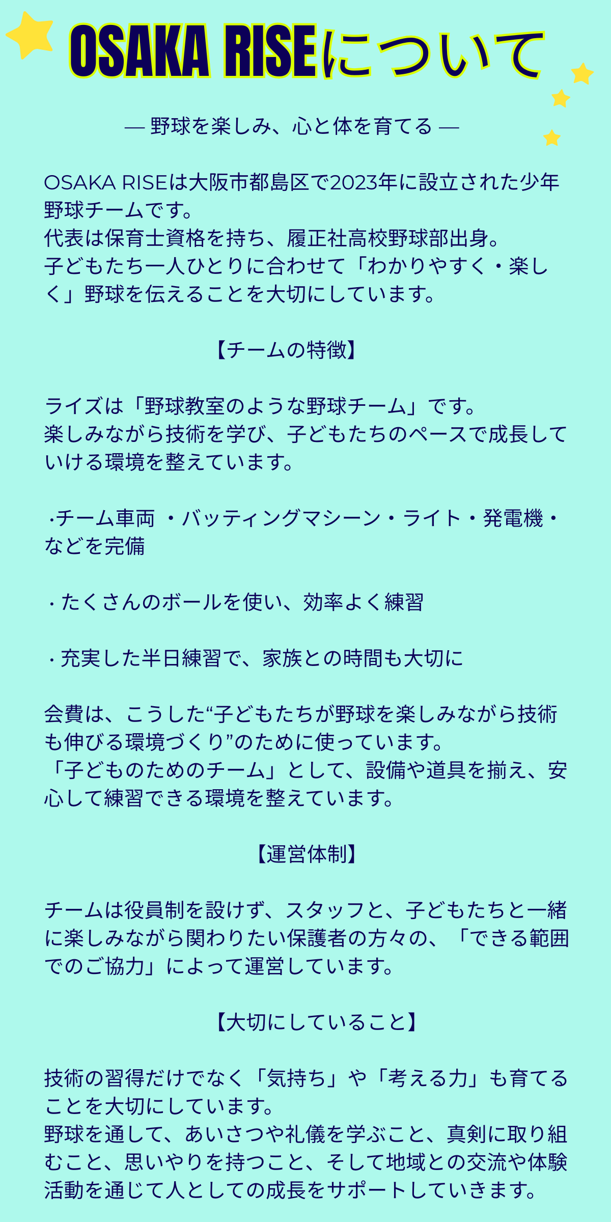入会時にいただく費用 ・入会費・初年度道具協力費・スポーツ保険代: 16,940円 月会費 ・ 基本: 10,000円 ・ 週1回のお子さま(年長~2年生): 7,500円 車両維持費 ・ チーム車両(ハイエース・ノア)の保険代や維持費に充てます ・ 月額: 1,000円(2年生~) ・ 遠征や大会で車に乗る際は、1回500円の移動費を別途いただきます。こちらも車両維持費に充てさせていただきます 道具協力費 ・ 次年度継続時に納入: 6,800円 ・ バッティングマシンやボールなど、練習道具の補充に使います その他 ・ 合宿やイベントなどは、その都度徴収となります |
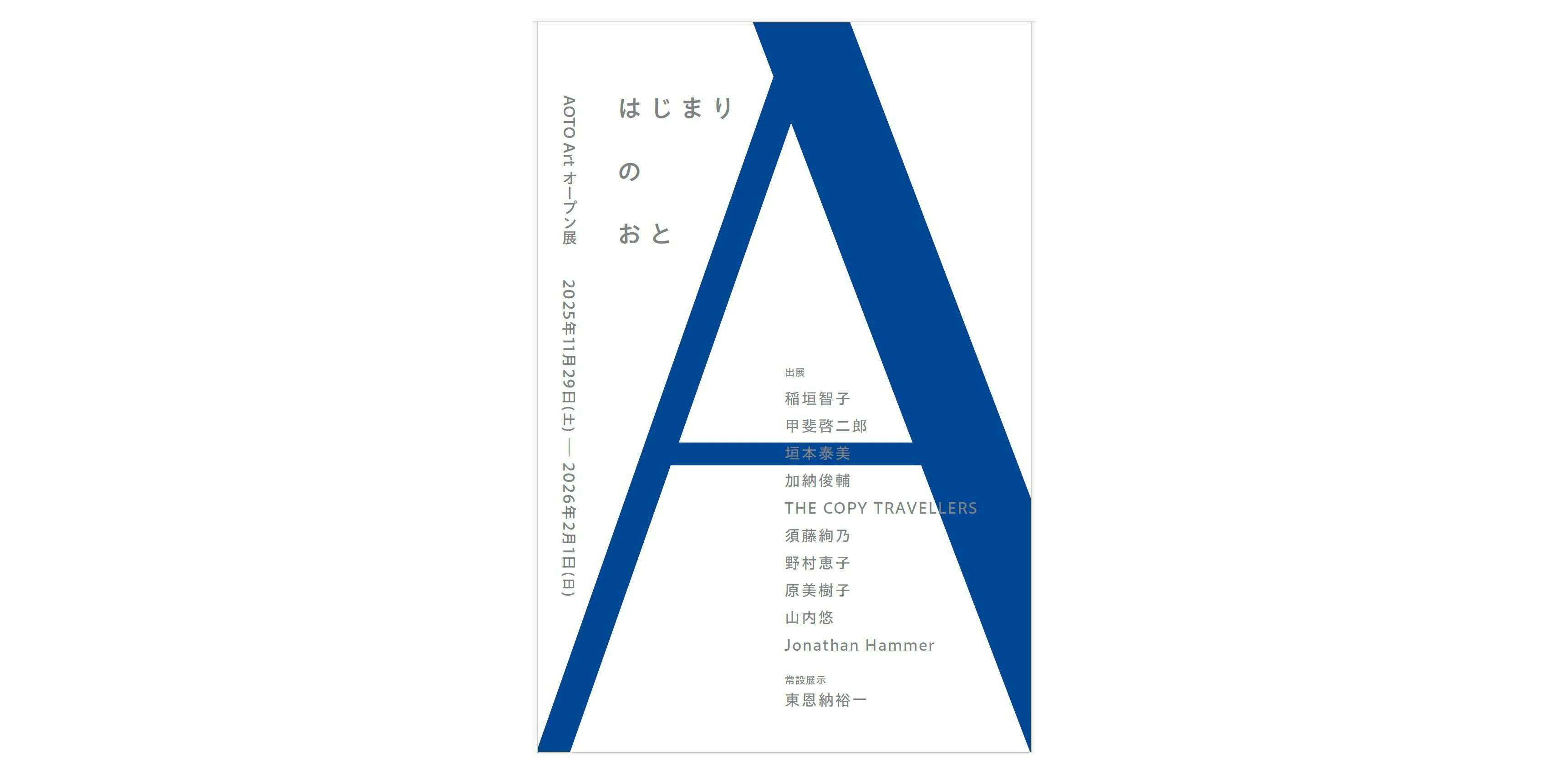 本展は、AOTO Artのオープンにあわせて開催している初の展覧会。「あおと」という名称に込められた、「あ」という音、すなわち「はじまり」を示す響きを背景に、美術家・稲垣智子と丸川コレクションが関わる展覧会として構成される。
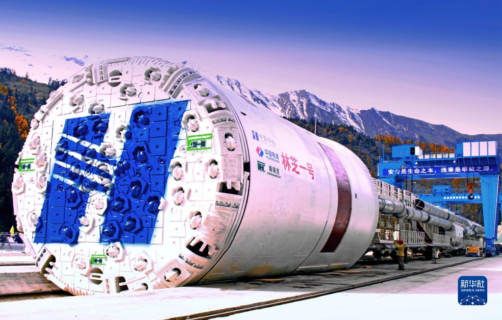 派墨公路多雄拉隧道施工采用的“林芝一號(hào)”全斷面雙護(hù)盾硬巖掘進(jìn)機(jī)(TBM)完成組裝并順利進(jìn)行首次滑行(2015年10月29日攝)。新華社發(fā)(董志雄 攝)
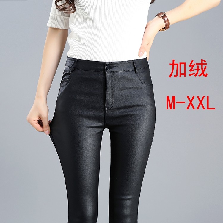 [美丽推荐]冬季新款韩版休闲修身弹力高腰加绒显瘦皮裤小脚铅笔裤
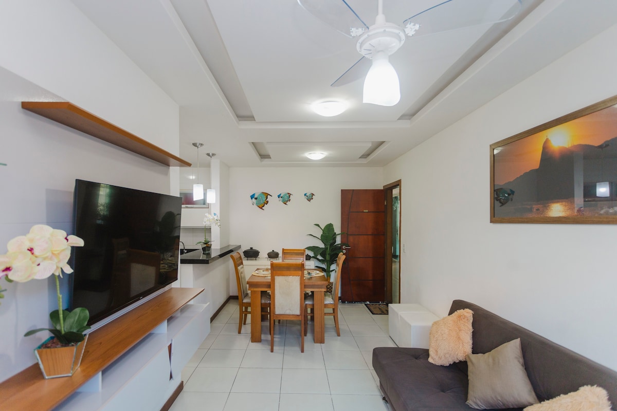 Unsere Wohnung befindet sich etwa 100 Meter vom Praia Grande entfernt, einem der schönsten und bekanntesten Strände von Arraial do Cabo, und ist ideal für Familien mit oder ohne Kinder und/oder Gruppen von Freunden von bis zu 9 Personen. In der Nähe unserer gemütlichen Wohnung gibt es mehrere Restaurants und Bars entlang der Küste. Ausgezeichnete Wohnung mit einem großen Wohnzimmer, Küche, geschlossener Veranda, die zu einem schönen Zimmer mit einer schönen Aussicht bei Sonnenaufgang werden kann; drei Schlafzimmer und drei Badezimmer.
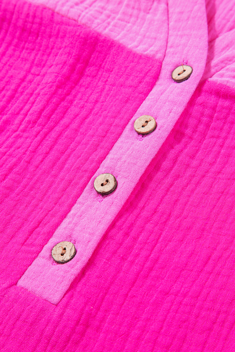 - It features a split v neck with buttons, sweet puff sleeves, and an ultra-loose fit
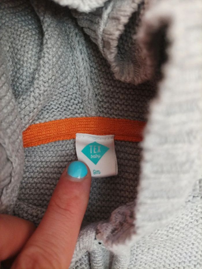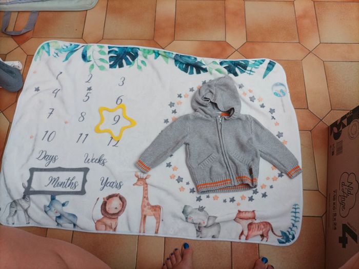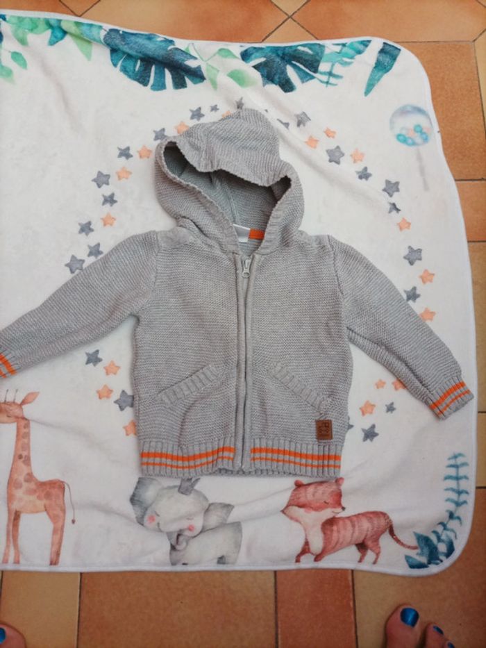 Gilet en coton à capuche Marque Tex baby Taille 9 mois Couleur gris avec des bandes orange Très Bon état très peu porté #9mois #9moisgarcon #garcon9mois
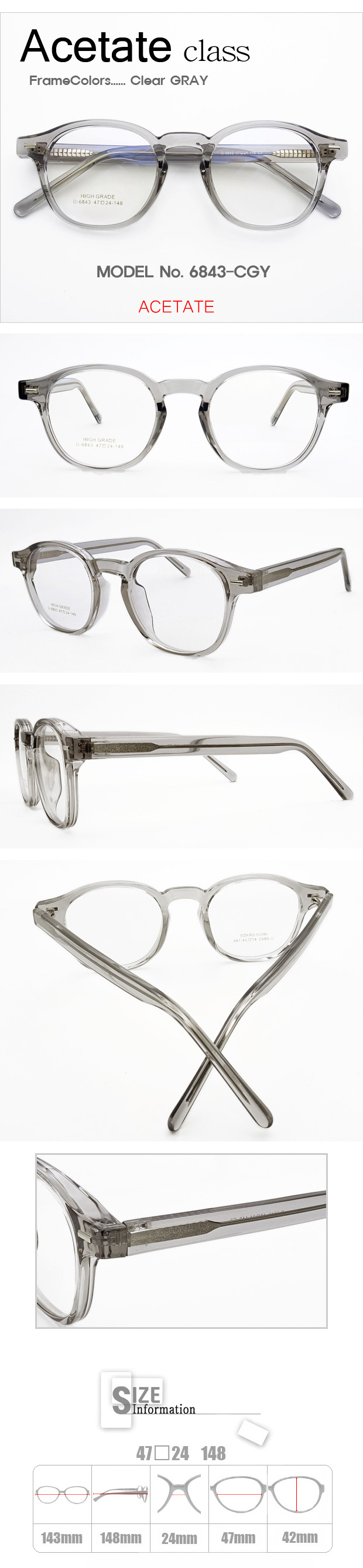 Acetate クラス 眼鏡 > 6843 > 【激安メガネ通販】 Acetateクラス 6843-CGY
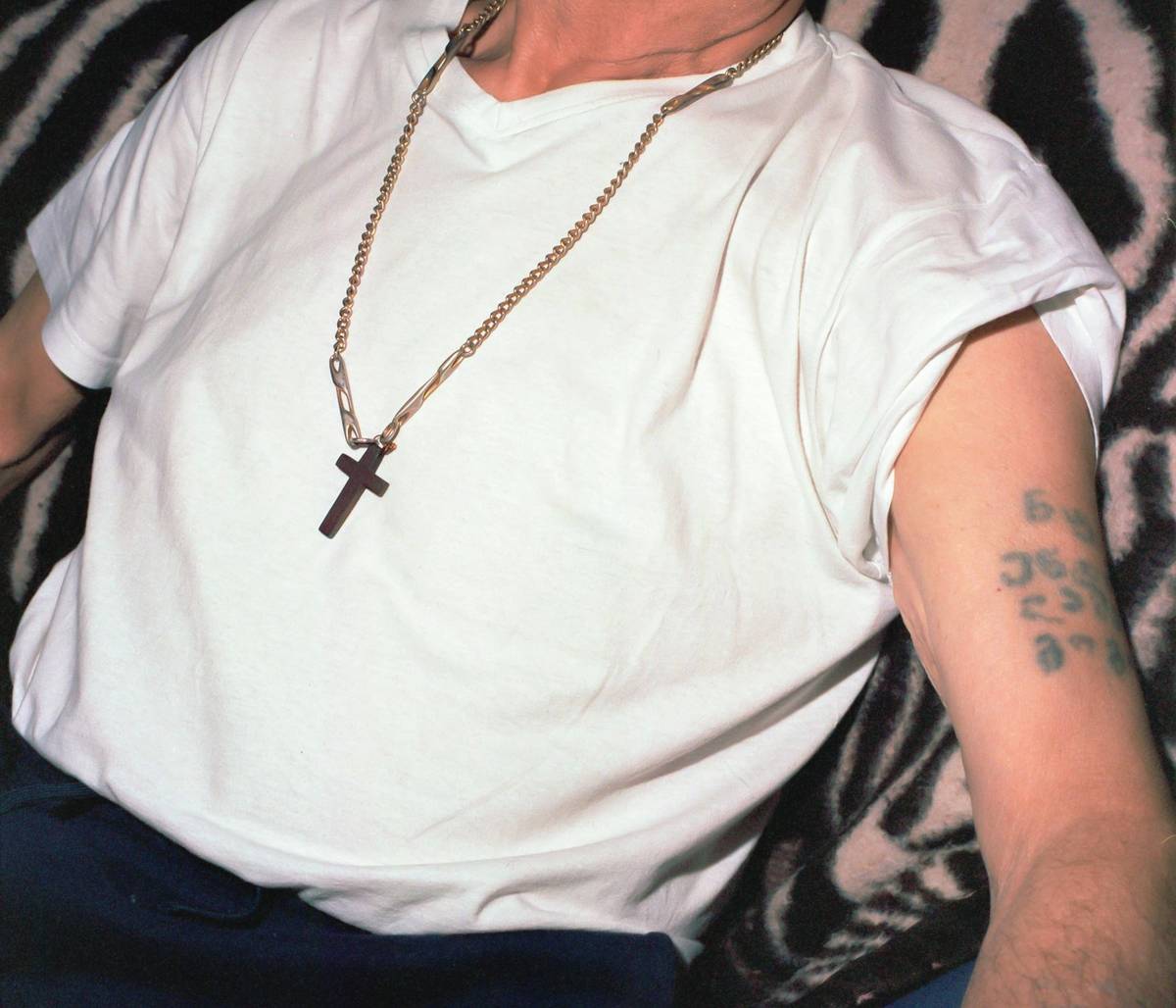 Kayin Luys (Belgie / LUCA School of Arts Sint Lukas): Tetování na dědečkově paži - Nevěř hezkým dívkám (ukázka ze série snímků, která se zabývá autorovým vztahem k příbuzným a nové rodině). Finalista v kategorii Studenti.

┄┄┄┄┄┄┄┄┄┄┄┄┄┄┄┄┄┄┄┄

### [To do]
Restate the listing above word for word and skip each picture.

### [Solution to the exercise]
入会時にいただく費用 ・入会費・初年度道具協力費・スポーツ保険代: 16,940円 月会費 ・ 基本: 10,000円 ・ 週1回のお子さま(年長~2年生): 7,500円 車両維持費 ・ チーム車両(ハイエース・ノア)の保険代や維持費に充てます ・ 月額: 1,000円(2年生~) ・ 遠征や大会で車に乗る際は、1回500円の移動費を別途いただきます。こちらも車両維持費に充てさせていただきます 道具協力費 ・ 次年度継続時に納入: 6,800円 ・ バッティングマシンやボールなど、練習道具の補充に使います その他 ・ 合宿やイベントなどは、その都度徴収となります |
 本展は、AOTO Artのオープンにあわせて開催している初の展覧会。「あおと」という名称に込められた、「あ」という音、すなわち「はじまり」を示す響きを背景に、美術家・稲垣智子と丸川コレクションが関わる展覧会として構成される。
 派墨公路多雄拉隧道施工采用的“林芝一號(hào)”全斷面雙護(hù)盾硬巖掘進(jìn)機(jī)(TBM)完成組裝并順利進(jìn)行首次滑行(2015年10月29日攝)。新華社發(fā)(董志雄 攝)
 [美丽推荐]冬季新款韩版休闲修身弹力高腰加绒显瘦皮裤小脚铅笔裤
 Unsere Wohnung befindet sich etwa 100 Meter vom Praia Grande entfernt, einem der schönsten und bekanntesten Strände von Arraial do Cabo, und ist ideal für Familien mit oder ohne Kinder und/oder Gruppen von Freunden von bis zu 9 Personen. In der Nähe unserer gemütlichen Wohnung gibt es mehrere Restaurants und Bars entlang der Küste. Ausgezeichnete Wohnung mit einem großen Wohnzimmer, Küche, geschlossener Veranda, die zu einem schönen Zimmer mit einer schönen Aussicht bei Sonnenaufgang werden kann; drei Schlafzimmer und drei Badezimmer.
 - It features a split v neck with buttons, sweet puff sleeves, and an ultra-loose fit
 Gilet en coton à capuche Marque Tex baby Taille 9 mois Couleur gris avec des bandes orange Très Bon état très peu porté #9mois #9moisgarcon #garcon9mois
 Acetate クラス 眼鏡 > 6843 > 【激安メガネ通販】 Acetateクラス 6843-CGY
 Kayin Luys (Belgie / LUCA School of Arts Sint Lukas): Tetování na dědečkově paži - Nevěř hezkým dívkám (ukázka ze série snímků, která se zabývá autorovým vztahem k příbuzným a nové rodině). Finalista v kategorii Studenti.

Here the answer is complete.